Setting up such a parallel between “Conciliarists” following Vatican II and “Traditionalists” following the age-old doctrine and liturgy, may well shock numbers of both, for the reasons evoked above, but let us appeal to the realities in the Church around us. Do we not observe that as Traditionalists who wholly reject present Church authorities risk losing their Catholic sense, so too Conciliarists who wholly scorn present Traditionalists (as do most German bishops) risk ceasing to be Catholics for lack of any sense of doctrinal truth?

However, the parallel only goes so far. For while outright “sedevacantism” and outright Neo-modernism are in this logical respect comparable, they are by no means equivalent, because Truth is higher than Authority, which only exists to serve Truth. If all Authority disappeared, Truth would still be there (“My words will not pass away,” says Our Lord – Mk.XXV, 35). But if all Truth were smothered in lies, as is happening today, we would see, as we are seeing, all Authority discredited with it, and being replaced by brute force. Truth and its ensuing Justice are the life-blood of Authority. Authority is merely the servant and protector of Truth and Justice.
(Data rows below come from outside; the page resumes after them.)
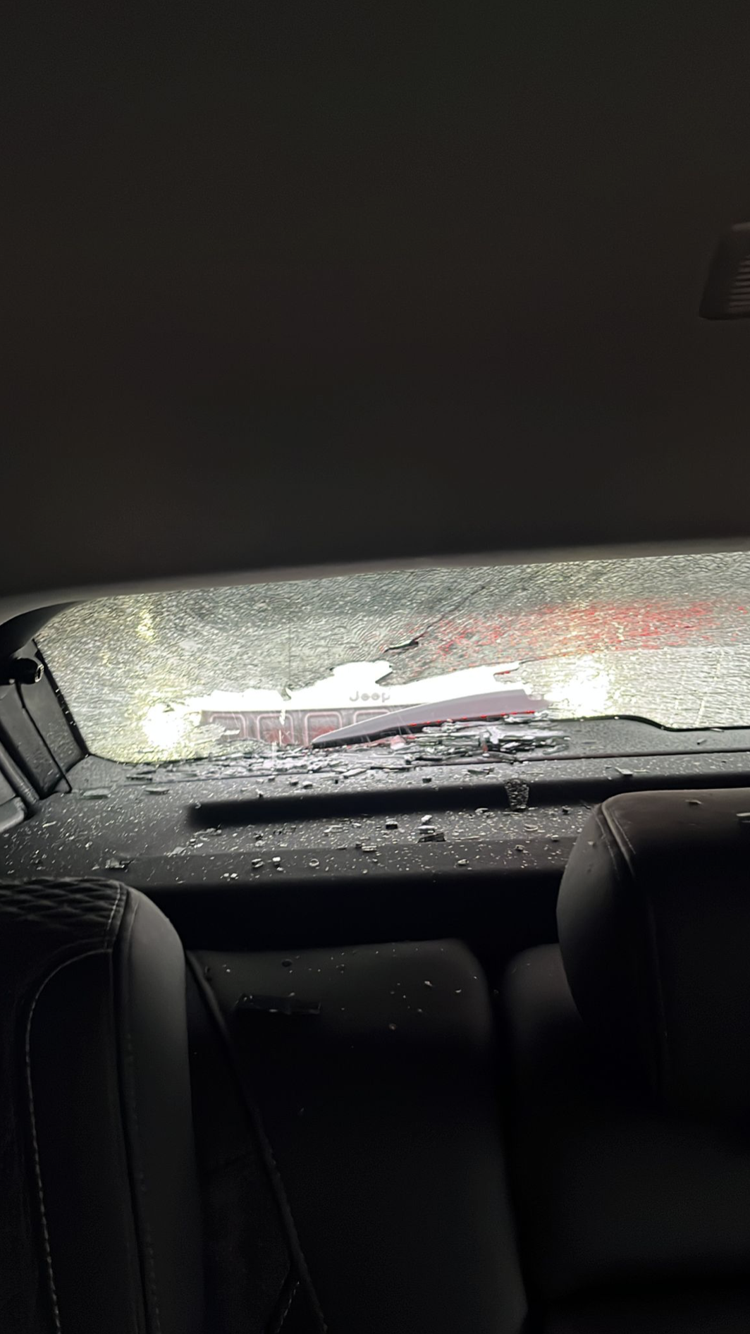 - Vetri sfondati dalla grandine in autostrada, foto di Federico Brancolini
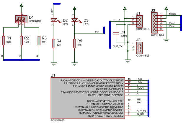 RGB LED es un tipo de ánodo común LED para que el canal correspondiente del LED encendido tirando del pasador de cátodo baja por el microcontrolador. Cada canal tiene un resistor limitador actual permitiendo el LED máximo actual para fijarse en poco menos de 20mA. El color del LED se encuentra activando los pasadores de cátodo de canal LED encendido y apagado a alta velocidad. Cuanto más tiempo el LED está encendido, el más brillante el color se convierte en lo que permite una muy amplia gama de colores para mostrar.
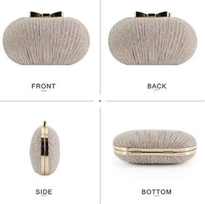 #LuxuryClutch #EveningBag #GlitterPurse #PartyAccessory #WeddingBag #ElegantStyle #FashionBag #ShellDesign #GoldBow #FormalWear
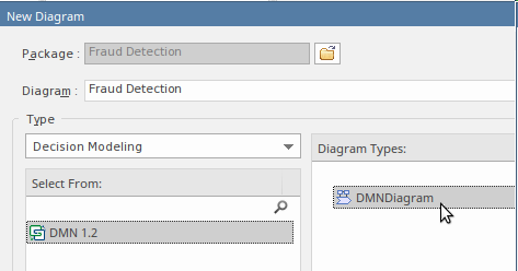 Once a model structure has been set up and the application has been tailored to suit your needs, including the selection of the DMN Perspective and an appropriate workspace, you are ready to start creating diagrams and elements. While it is possible to create an element without first creating a diagram it is common practice to begin by creating a diagram as a canvas for how the elements will be visualized. The first thing you will need to do is choose a location for the diagram in the Browser window. For example, you might be working on a project and have defined a Package called 'Fraud Detection' under the Decision Modeling Package. By selecting the 'Fraud Detection' Package you are telling Enterprise Architect that this is where you want a new Decision Requirements diagram to be inserted.
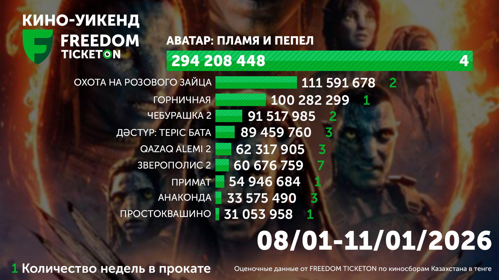 1. Келiнжан 22. Тролли 34. Coco&Janbo5. Звук свободы8. Создатель9. Пила 1010. Мегазавр -

This is why Traditionalists clinging to Truth are, as such, repeat, as such, better Catholics than Conciliarists clinging to Authority – judge by the fruits! And while Truth, by its nature of corresponding to the object and not to the subject, cannot bend to Authority, on the contrary the Church authorities, Popes and Cardinals and Bishops, must one day bend back to the Truth, and the sooner the better. Nor is saying so remotely an arrogant claim on the part of Traditionalists, as Cardinal Ratzinger once opined, because Traditionalists never invented Tradition, Tradition was a given, from being merely faithful to which they got their name. Archbishop Lefebvre had engraved on his tombstone St. Paul’s “Tradidi quod et accepi” (I Cor.XI, 23), because he was the very first to maintain that he had done no more than hand on what had been handed down to him.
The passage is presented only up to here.